ACTIVITY> For the records below, please print exactly and only the lines from the one with "横浜家系ラーメン店です。この" down to the one with "MIC College Of", both ends included, omitting the pictures.
BEGIN INPUT DATA
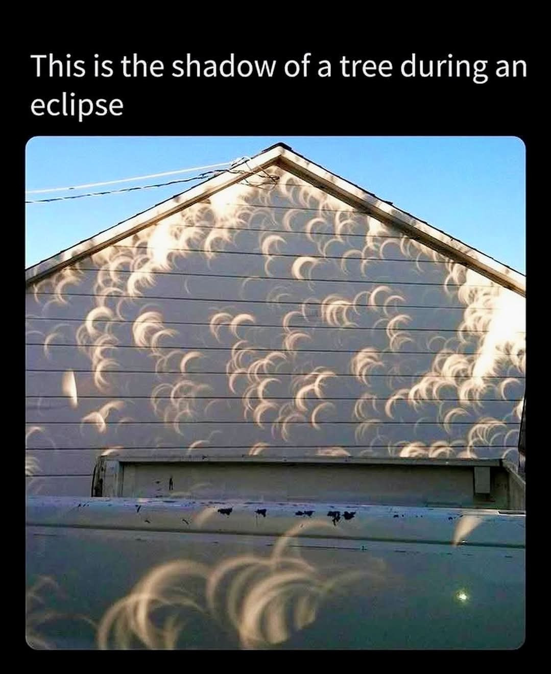 You can make a hole with your fingers and see the patterns of very bright lights above you, stadium lights etc. It’s just a vertical camera obscura. I remember the 90s solar partial eclipse really well because I was riding home from school, the leaves and even the spokes on my bike projected moons everywhere, it was completely magical.
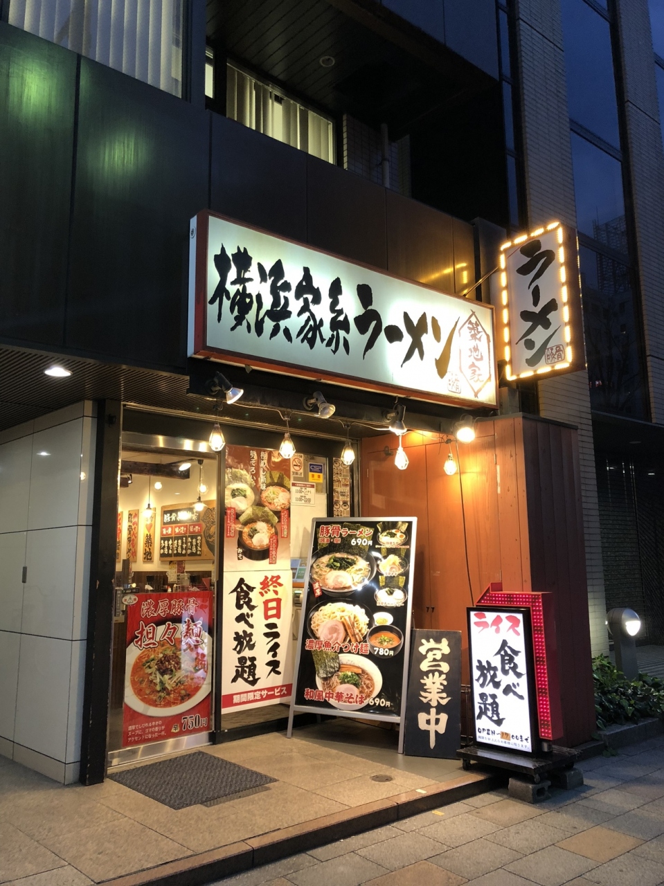 横浜家系ラーメン店です。このジャンルは似たようなお店が多々ありますが、基本的には同じような雰囲気でした。注文したのは、豚骨ラーメン。とんこつで有名な博多ラーメンのようなクリーミースープではなく、濃厚感の強いがっつり系で、テイストは全く違います。麺も太め。どちらかといえば食べ応えありといった感じでしょうか。味自体はけっこう好きです。場所は晴海通りを挟んだ築地場外の向かいあたり。訪れた週末の夕方はけっこう空いてました。
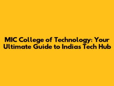 MIC College Of Technology: Your Guide To India's Tech Hub
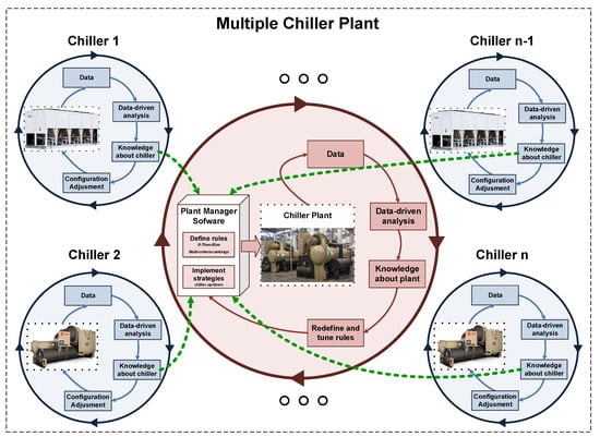 34]. The aim of relational control is to achieve optimal energy efficiency of the plant, requiring each chiller to be operated in relation to the operation of the others.
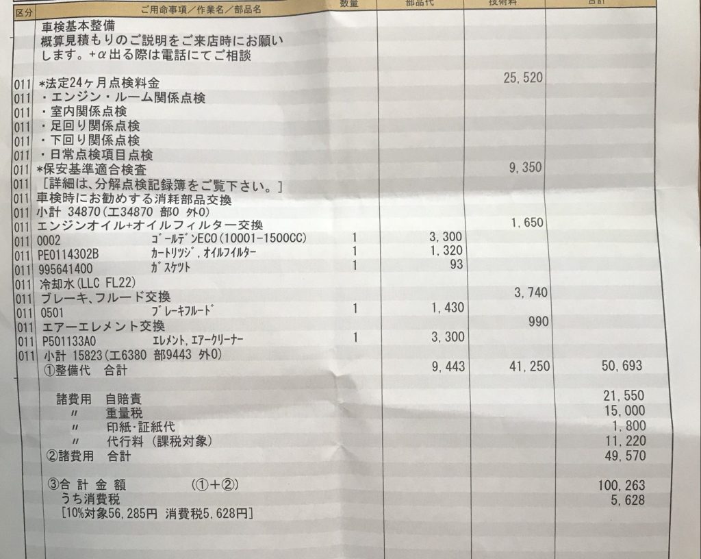 そんなわけでディーラーに行ってきましたが、そこで見積もりをしてもらい確認してみると車検整備の費用がガッツリ含まれています。
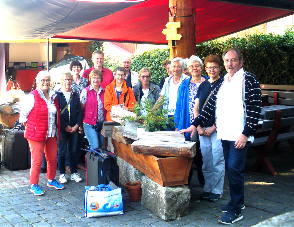 In dem Landhotel in Kammerforst angekommen, wurde die Gruppe von der Inhaberin herzlich empfangen. Da noch nicht alle Zimmer vorbereitet waren, stärkte man sich erst bei Kaffee und Kuchen. Nach dem Kofferauspacken ging es gleich auf eine leichte Wanderung von rund 6 Kilometern zum „Beine vertreten“.
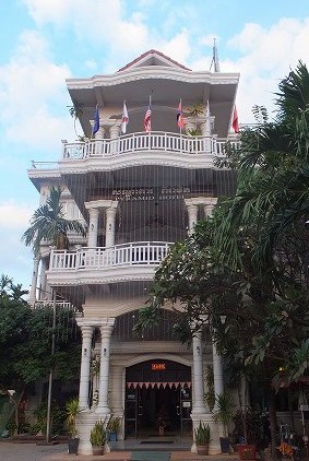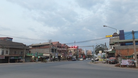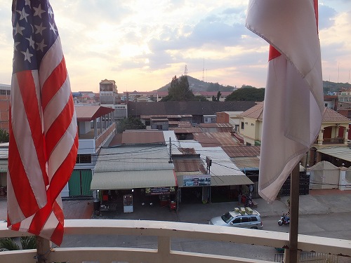 (本日の宿:ピラミッドホテル) (ホテルの3階テラスからのシソポンの風景)
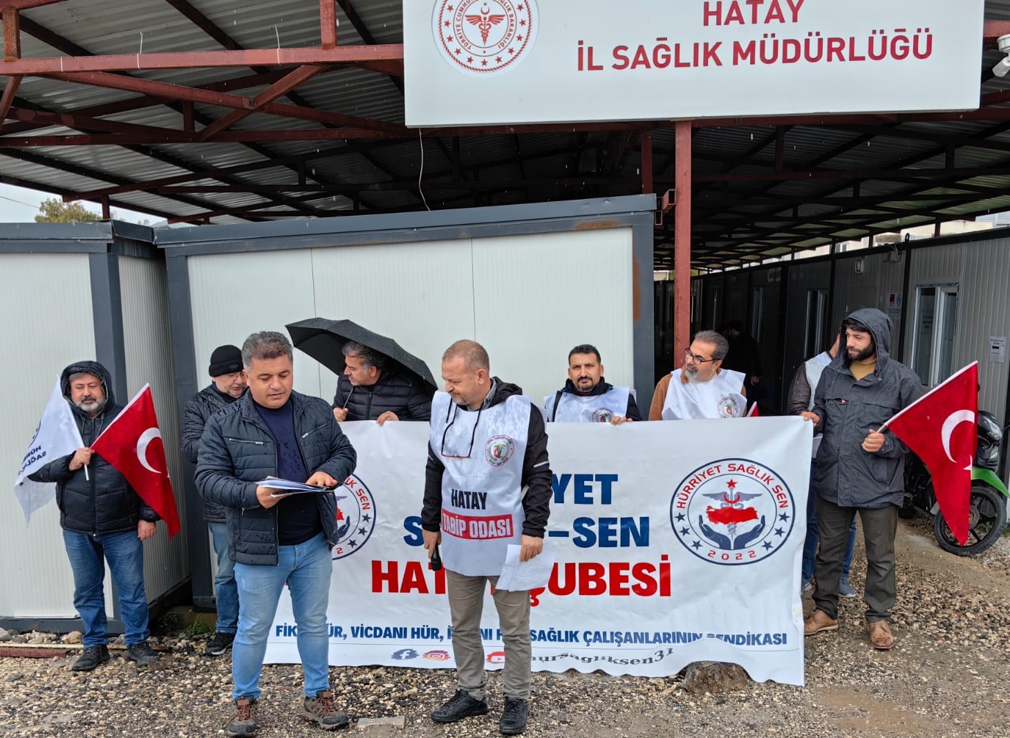 Hürriyet Sağlık-Sen Tüm Deprem Bölgesinde ve Ayrıca Hatay Tabip Odası ile Birlikte Ortak Bir Kararla Hatay’da 1 Günlük İş Bıraktı. İş bırakma eylemine ilişkin Hatay İl Sağlık Müdürlüğü önünde Hürriyet...
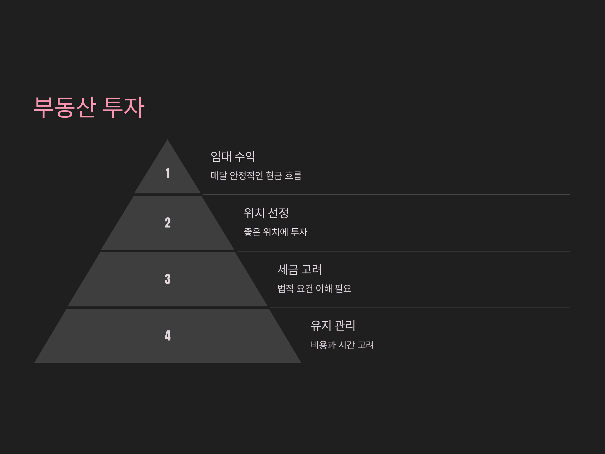 - 위치: 좋은 위치에 투자해야 안정적인 수입을 기대할 수 있습니다.
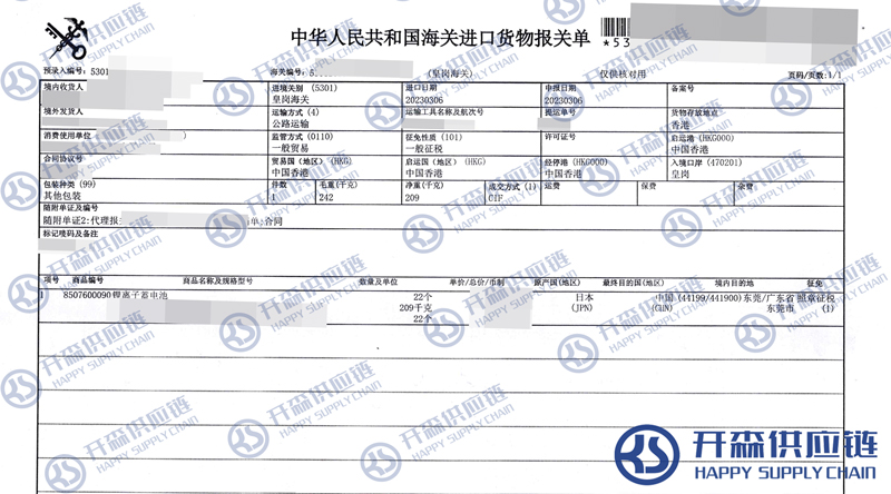 一、鋰離子蓄電池進(jìn)口報(bào)關(guān)代理案例詳情
END INPUT DATA
WRITTEN SOLUTION>
 横浜家系ラーメン店です。このジャンルは似たようなお店が多々ありますが、基本的には同じような雰囲気でした。注文したのは、豚骨ラーメン。とんこつで有名な博多ラーメンのようなクリーミースープではなく、濃厚感の強いがっつり系で、テイストは全く違います。麺も太め。どちらかといえば食べ応えありといった感じでしょうか。味自体はけっこう好きです。場所は晴海通りを挟んだ築地場外の向かいあたり。訪れた週末の夕方はけっこう空いてました。
 MIC College Of Technology: Your Guide To India's Tech Hub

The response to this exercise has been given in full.